La forêt a, de tout temps, été le lieu d'une activité économique importante au Québec. Elle a occupé un rôle central durant la colonisation pour se transformer, avec l'apparition et l'explosion des journaux à grand tirage, en véritable locomotive industrielle au début du XXe siècle. Le passage à l'an 2000 n'a toutefois pas été une époque glorieuse pour l'industrie forestière québécoise qui émerge tout juste d'une crise sans précédent.

De 2000 à 2012, l'industrie forestière québécoise a été fortement affectée par la chute de plus de 60% de la demande nord-américaine en papier journal et par l'effondrement, à partir de 2006, du marché de la construction résidentielle aux États-Unis.

À la suite de fermetures, de faillites, de rationalisations et de restructurations, l'industrie, qui employait 96 554 travailleurs en 2000, n'en comptait plus que 61 107 à la fin de 2012. Plus de 35 000 travailleurs ont ainsi perdu leur emploi dans les régions-ressources du Québec.

Tous les secteurs liés à l'activité forestière ont écopé: que ce soient les travailleurs en forêt (-9000), les travailleurs d'usines de pâtes et papiers (-12 000) ou les travailleurs en scierie ou en fabrication (-14 000).

Il était temps que l'hécatombe cesse et - fort heureusement - c'est ce qui s'est produit l'an dernier lorsque le nombre de nouvelles mises en chantier aux États-Unis s'est enfin remis à grimper pour totaliser 750 000, comparativement au niveau plancher de 500 000 en 2011. Les prévisions de nouvelles constructions pour 2013 sont de 1,2 million de logements.

Parallèlement, la production de papier journal décline toujours, mais les autres produits de pâtes offrent encore de bons débouchés, particulièrement dans le secteur des pâtes cellulosiques qui servent à la fabrication de tissus.

Le renversement de tendance a donc des effets bien réels au Québec où j'ai réalisé le mois dernier une tournée des régions - Saguenay-Lac-Saint-Jean, Chibougamau, Mauricie et Outaouais - où la forêt occupe toujours une place prédominante dans l'activité économique.

Partout, des scieries qui avaient fermé leurs portes durant la crise ont repris vie.
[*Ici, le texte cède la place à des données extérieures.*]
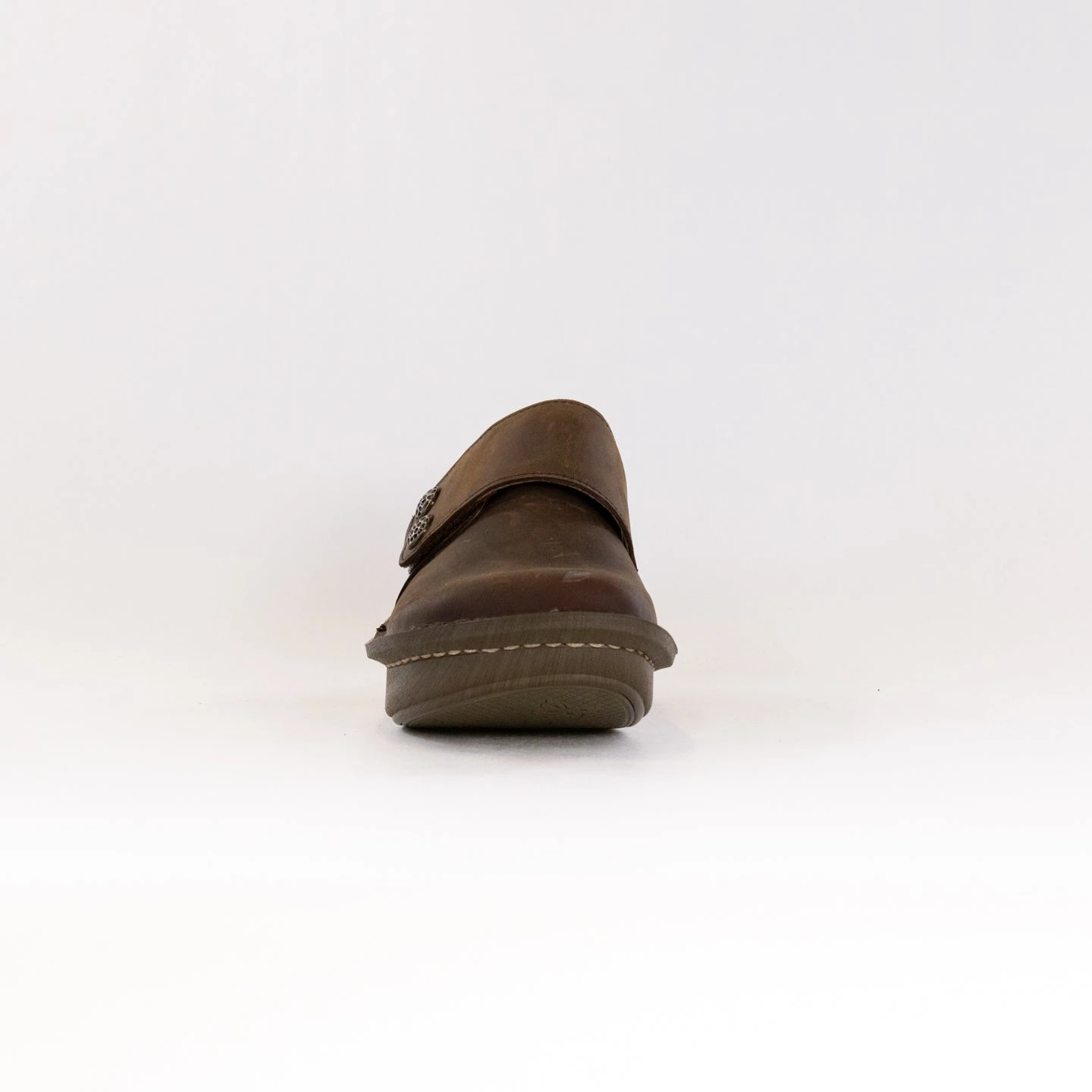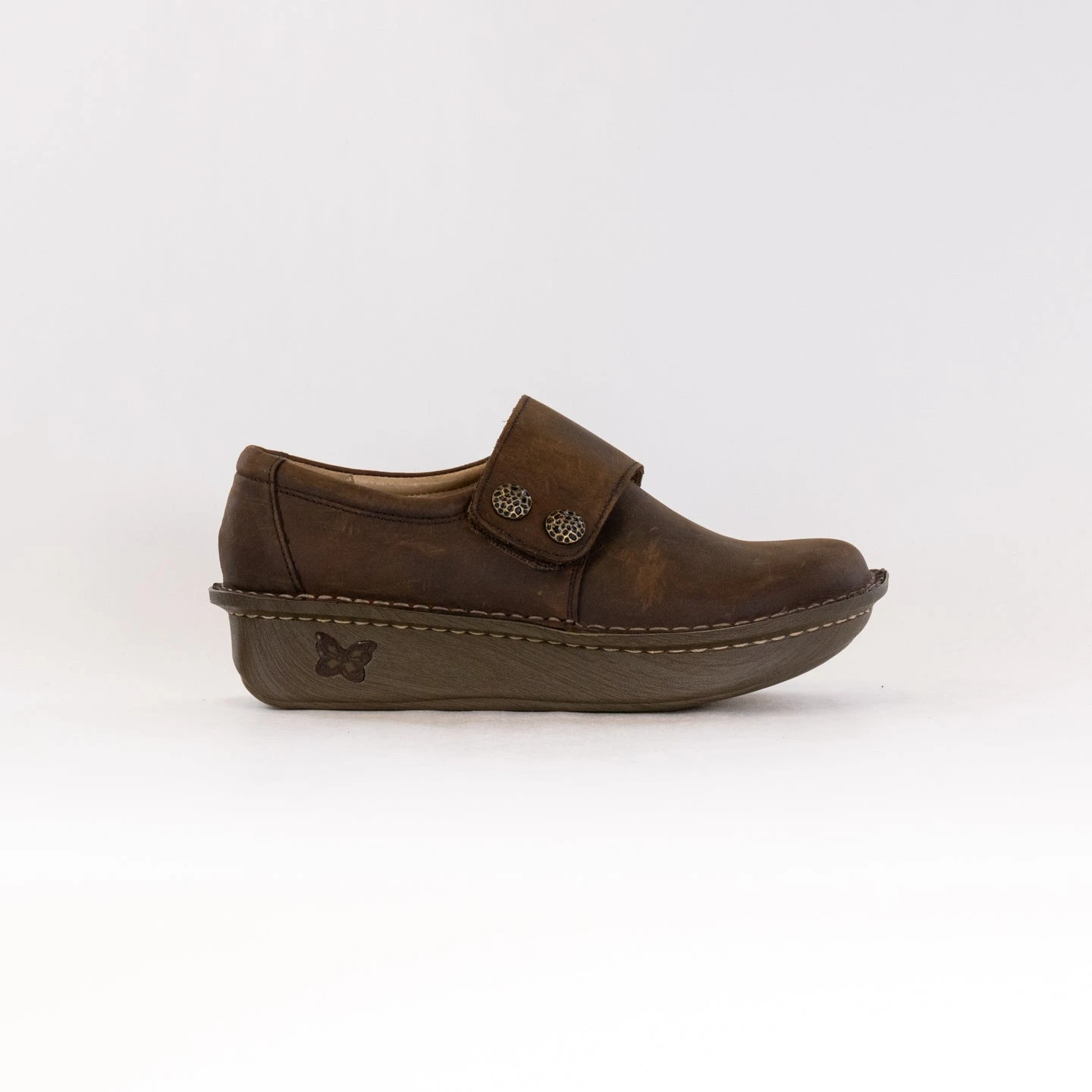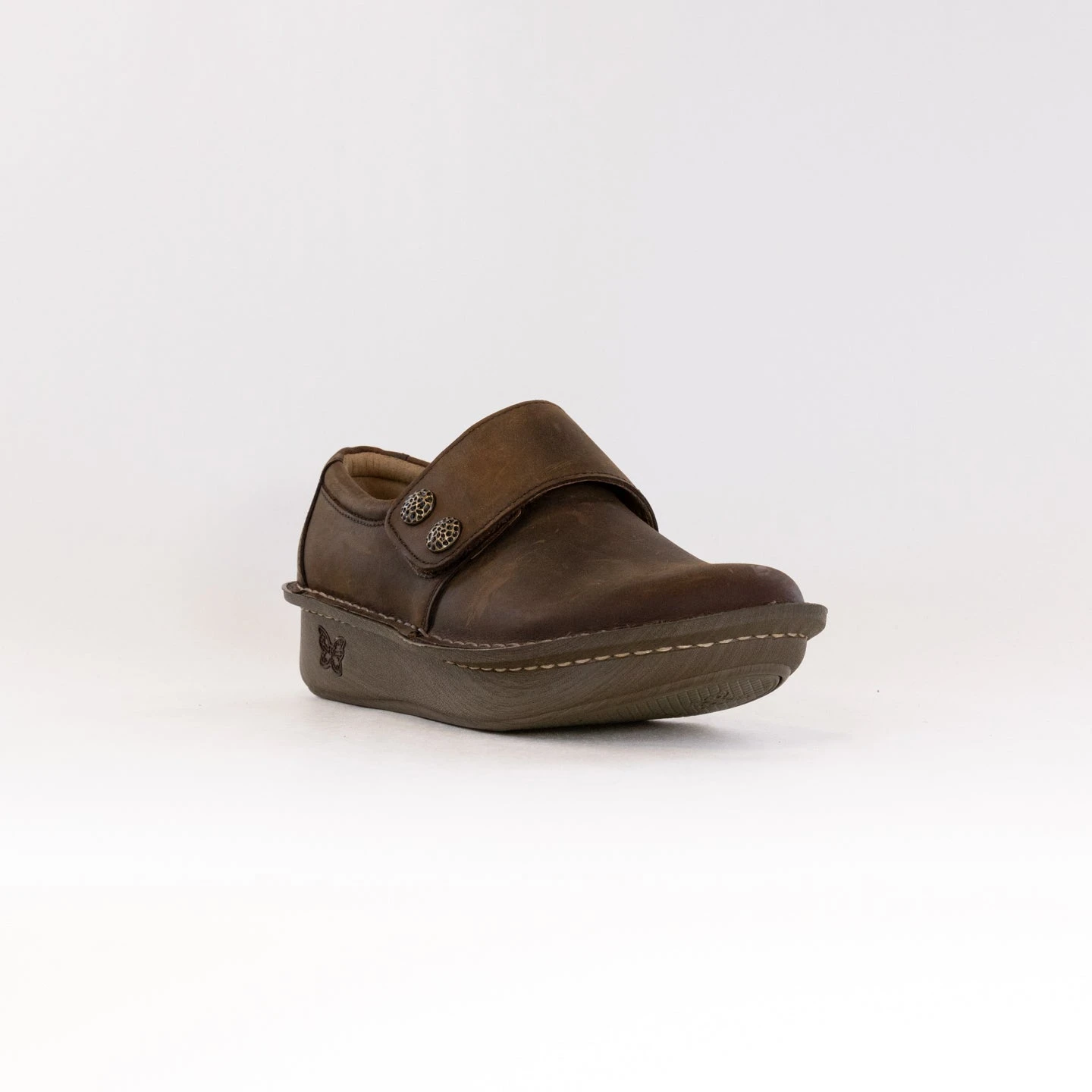 Stay sure footed in this adjustable hook-and-loop strap leather casual shoe dressed up with decorative artisanal hardware. A gently padded collar and ergonomically designed removable footbed made of memory foam and cork enhances its wearability. Underneath it all is a slip-resistant classic rocker outsole for nine-to-five comfort.

Des usines de pâtes qui avaient cessé leurs activités à Dolbeau, Thurso et - prochainement - Lebel-sur-Quévillon les ont redémarrées, mais avec un nouveau type de production.

Les témoignages des acteurs qui sont au premier rang de cette relance sont publiés depuis trois jours dans La Presse" où l'on vous présente ce matin des champions de la troisième transformation du bois, un élément essentiel à la pérennité de l'industrie forestière québécoise.

Dans le respect de l'environnement

Le passage aux années 2000 a été aussi douloureux pour l'industrie forestière québécoise parce que son image a été passablement écorchée par la sortie, en 1999, du documentaire-choc L'Erreur boréale du chanteur, poète et pamphlétaire Richard Desjardins.

Le film présentait à l'aide d'images saisissantes des exemples de coupes forestières sauvages réalisées dans des environnements guère propices à la régénération naturelle des espèces et des écosystèmes. Un film qui a forcé les entreprises forestières à s'interroger sur leurs pratiques et la préservation de la ressource.

Depuis la sortie de L'Erreur boréale, il y a 14 ans, bien des choses ont changé.

Si la crise a freiné l'appétit des entreprises - 3,1 milliards de pieds-mesure-de-planche sont sortis des scieries québécoises en 2011 comparativement à 7,5 milliards en 2006 -, les pratiques de coupe en forêt sont presque totalement soumises à une certification FSC (Forest Stewardship Council).

Les grands détaillants comme Rona ou Home Depot exigent cette certification qui confirme que la coupe en forêt a été faite dans le respect des populations autochtones et de leurs territoires de trappe et de chasse; des espèces menacées, telles que le caribou forestier; des écosystèmes environnants; et des habitats fauniques.

«Plus de 80% de nos activités sylvicoles visent à sarcler les zones qui ont été coupées pour assurer la repousse des espèces. On doit replanter là où on fait des chemins et protéger la régénération naturelle», précise André Tremblay, président du Conseil de l'industrie forestière du Québec (CIFQ).

Selon le CIFQ, 95% de la récolte en forêt au Québec est certifiée aux normes FSC. Une récolte qui doit donc répondre à des chaînes de traçabilité pour assurer que la coupe a été réalisée selon des paramètres de développement durable.

Même Richard Desjardins consent aujourd'hui à admettre que l'industrie s'est amendée et qu'elle montre des signes d'amélioration. C'est ce que le chanteur a observé mercredi au cours d'une rencontre avec le Cercle de presse du Saguenay, où il a insisté sur l'importance de mieux développer une industrie de deuxième et troisième transformation du bois. Un constat que tous partagent.